Se anche Walter “sale sul predellino” l’accordo può diventare storico

LOCCIDENTALE_800x1600
LOCCIDENTALE_800x1600
Dona oggi

Fai una donazione!

Gli articoli dell’Occidentale sono liberi perché vogliamo che li leggano tante persone. Ma scriverli, verificarli e pubblicarli ha un costo. Se hai a cuore un’informazione approfondita e accurata puoi darci una mano facendo una libera donazione da sostenitore online. Più saranno le donazioni verso l’Occidentale, più reportage e commenti potremo pubblicare.
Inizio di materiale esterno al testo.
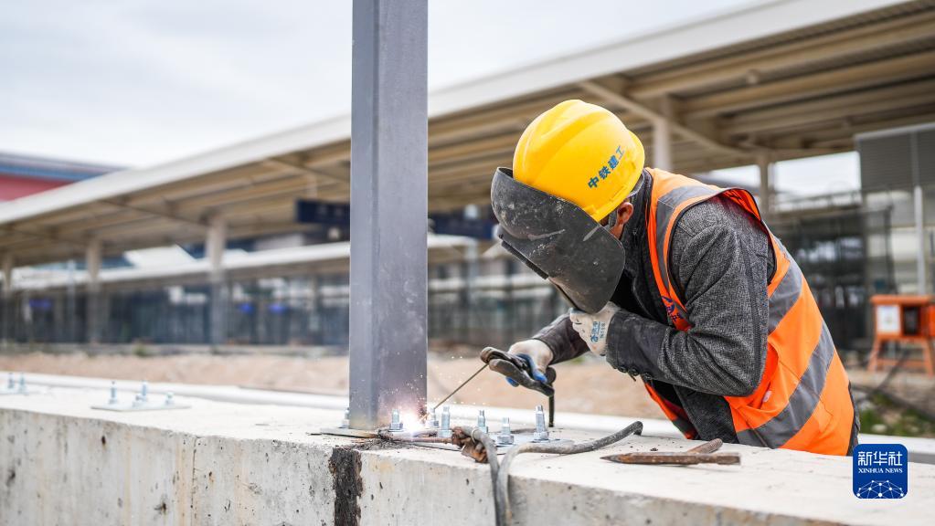 5月1日,中铁建工集团工人在贵州贵安新区贵安站扩建项目工地施工。

Se anche Walter “sale sul predellino” l’accordo può diventare storico

03 Dicembre 2007

L’incontro tra Berlusconi e Veltroni
ha già sortito per entrambi dei risultati positivi. La conferenza stampa che al
termine dei colloqui ha tenuto il leader del Pd rappresenta la più esplicita
smentita dell’anti-berlusconismo pronunziata da sinistra. Paradossalmente,
proprio l’indeterminazione culturale di Veltroni le ha conferito credibilità e
persino spessore. Essa, infatti, non è stata veicolata né dall’arrogante
superiorità ideologica di un D’Alema né tanto meno dalla presuntuosa
superiorità morale di un Prodi. Si è proposta scarica da residui ideologici,
marxistici o dossettiani che siano. E, proprio per questo, in grado di produrre
conseguenze durature che potrebbero persino rappresentare un’insidia per il
centro-destra. Questo perchè Veltroni potrebbe essere in grado di captare il gradimento di quella larga parte dell’elettorato che se ne frega delle ideologie e che finora costituiva il bacino naturale e pressochè esclusivo del berlusconismo.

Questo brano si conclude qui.